Transposed Convolution Example

Given the following:

\[X = \begin{bmatrix} 120 & 150 & 120 \\ 100 & 50 & 110 \\ 25 & 25 & 10 \\ \end{bmatrix} K = \begin{bmatrix} 1 & -1 \\ 2 & -2 \end{bmatrix}\]

After we incorporate $X(0,0)$ - i.e we take the $X(0,0) \cdot K$ and “stamp” it on the output.

\[\begin{bmatrix} 120 & - 120 & 0 & 0 \\ 240 & -240 & 0 & 0 \\ 0 & 0 & 0 & 0 \\ 0 & 0 & 0 & 0 \\ \end{bmatrix}\]

and we incorporate $X(0,1)$, take $X(0,1) \cdot K$ and also stamp it:

\[\begin{bmatrix} 120 & - 120+150 & -150 & 0 \\ 240 & -240 + 300 & -300 & 0 \\ 0 & 0 & 0 & 0 \\ 0 & 0 & 0 & 0 \\ \end{bmatrix}\]

and so on. Again, contributions from multiple windows are also summed.

Symmetry in Encoder/Decoder Part 2

Because we have a symmetric encoder and decoder, we can actually do two variants of this.

• The first is to have the kernel learned and the kernel values will be learnable parameters and we can backpropagate through them.
• The other alternative is actually to not learn the kernels at the deconvolution or decoder stage. What we can do is take for each deconvolution layer, take the corresponding mirrored convolution layer in the encoder and then take that kernel that was learned or those kernels that were learned and flip them 180 degrees and then apply them in the decoder.

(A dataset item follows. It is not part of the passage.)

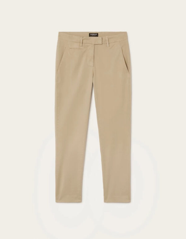 Pantaloni Perfect cropped slim chino, vita regolare, tasche a filetto posteriori. Gabardina leggera. Tintura in capo. Logo Dondup. Made in Italy

These two variants exists but typically the kernels are learned.

Transfer Learning

Because we are using a normal convolution neural network for the encoder, we can actually use transfer learning here again. We can train a convolutional neural network for image classification, let’s say on a large dataset such as image net (which has 1 million examples over 1000 object categories), and optimize those weights for the image classification loss. We can then take those learned weights and copy them to the encoder and we can mirror the architecture for the decoder and initialize those randomly.

Then we can jointly optimize the encoder and decoder given ground truth if we have it, for a segmentation task. Note that we will also use cross entropy, except that we have a probability distribution over the categories for each pixel. So we will have that many losses that all get into the optimization during backpropagation.

U-net

You can also use alot of the ideas that we had for image classification. For example, residual neural networks use the idea of skip connections. We can also do this for encoder-decoder networks. This is what is called a U-net.

It is the same thing as what we had before, we have an encoder part and then some bottleneck features and then we have a decoder part. Except here we are not using only the bottleneck features. We can have skip connections where you take the feature maps from various parts of the encoder and actually concatenate them with various parts of the decoder. What you are doing here is combining information both from the encoder at multiple scales that is at multiple resolutions of information because the feature maps get smaller and smaller and you are combining that with the upsampling that we do for the decoder. This is a very successful architecture for various types of segmentation tasks.

In summary,

• Various ways to get image-like outputs, for example to predict segmentations of input images
• Fully convolutional layers essentially apply the striding idea to the output classifiers, supporting arbitrary input sizes
  • (without output size requiring particular input size)
• We can have various upsampling layers that actually increase the size
• Encoder/decoder architectures are popular ways to leverage these to perform general image-to-image tasks

Single-Stage Object Detection

We will talk about Object detection and specifically single stage methods, that take images try to directly output a set of bounding boxes with predictions for each of them.

Object Detection Tasks

Given an image and we want to output a list of bounding boxes with probability distribution over classes per box.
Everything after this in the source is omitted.